El arrugado papel había caído de sus manos. Lo vio en el suelo, lo recogió, lo alisó y leyó de nuevo.
«Estás vivo». Estas eran las palabras. Las había mandado en broma quizás, o quizá por amor. Eran bastante seguras. Las escogió por azar, por alegría o por soledad. De pronto comprendió, como si se lo dijese una voz.
¿Estás vivo? ¿Vivo? Su tío fue «La Caña Viviente». Incluso ahora, cuando yacía en la sepultura, la gente murmuraba aquellas palabras, alguien contó la leyenda del bambú que había brotado entre las piedras de la cárcel de la que se escapó años atrás. De su féretro no podía escapar y el pueblo estaba de luto. Pero sólo unos días antes, Liang lo recordaba ahora, su tío le recordó, aunque tímidamente, su vuelta una noche, cuando en secreto fue a ver a su hermano y cómo él, Liang, entonces un bebé, pareció recordarle, aunque nunca le había visto.
—Te echaste en mis brazos, pusiste tus manos en mis mejillas, me conocías de otra vida.
Él también lo recordaba.

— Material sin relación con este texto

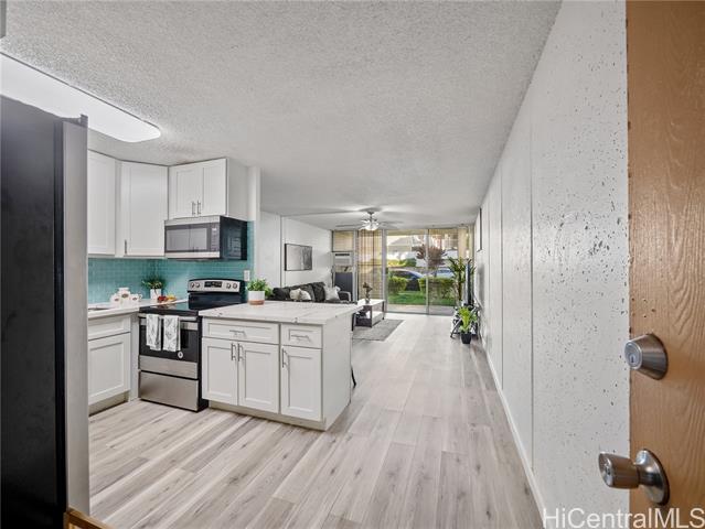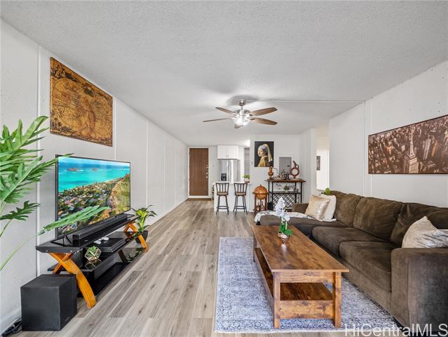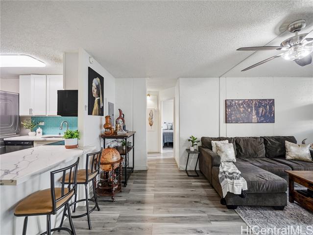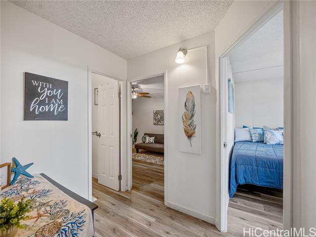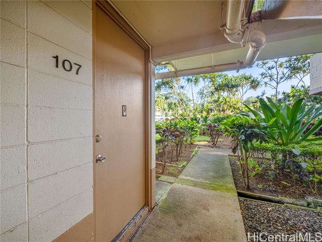 - Welcome to this ground-floor corner residence in Cathedral Point at Melemanu Woodlands, offering 2 bedrooms, 1 bath and 799 sq ft of comfortable living space. Renovated in 2020, the home features vinyl plank flooring, quartz countertops and a beautifully finished travertine shower for a clean, modern feel. A rare highlight is the presence of two lanais — one covered and one open — creating flexible outdoor spaces not typically available on upper levels and allowing convenient access from both the front entry and lanai side. The unit includes a full-size washer and dryer and a covered parking stall located just around the corner for added convenience. Community amenities include a pool, recreation area, park and nearby playground. Conveniently located near Wheeler Army Airfield, Schofield Barracks, shopping, dining and H-2 freeway access, offering an easy central Oahu commute.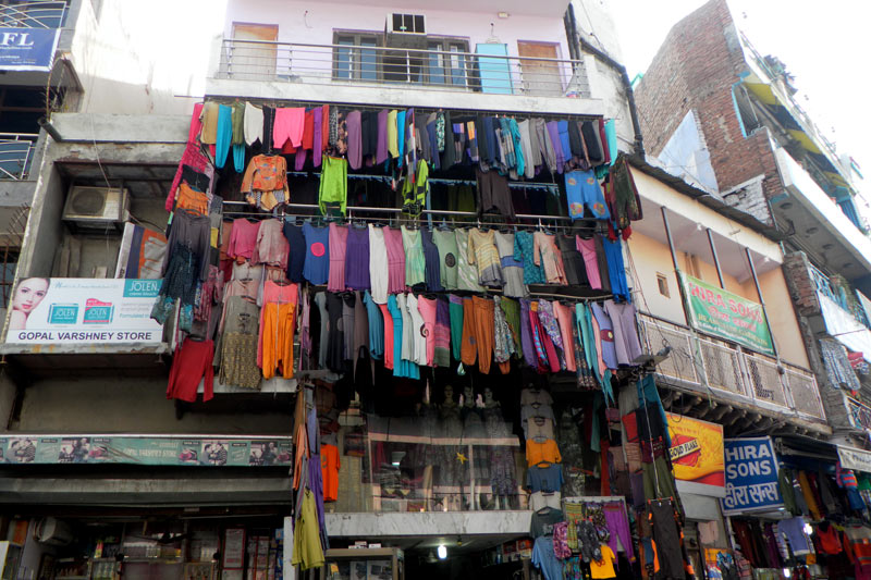14.12.2011 - Indien - In der Hauptstadt Delhi hat ein Kleiderladen unweit vom Main Baazar seine Auslage in rechter Höhe

Otras veces, Yul-chun hablaba de la herencia de los coreanos patriotas.
—En primavera —le parecía aún oír a su tío—, en primavera las viejas raíces de bambú hacen brotar un nuevo tallo verde. Ha sido así y así será mientras haya hombres sobre la tierra. Entra en casa —le decía su abuela—. Entra, Liang, y cierra la puerta.
Se levantó pero se detuvo en la puerta. Ya se había recobrado.
—Vaya la ciudad. Pediré a mi amigo… mi amigo americano que envíe un mensaje por mí.
—¿Qué mensaje? —preguntó Il-han.
—Que estoy vivo.
—Es demasiado tarde —se quejó Sunia.
—No será demasiado tarde mientras viva.
Y diciéndoles adiós marchó solo y les dejó con Ippun.
En el cielo brillaba la luna llena y detrás de la luna una estrella, la misma estrella de siempre, inmóvil.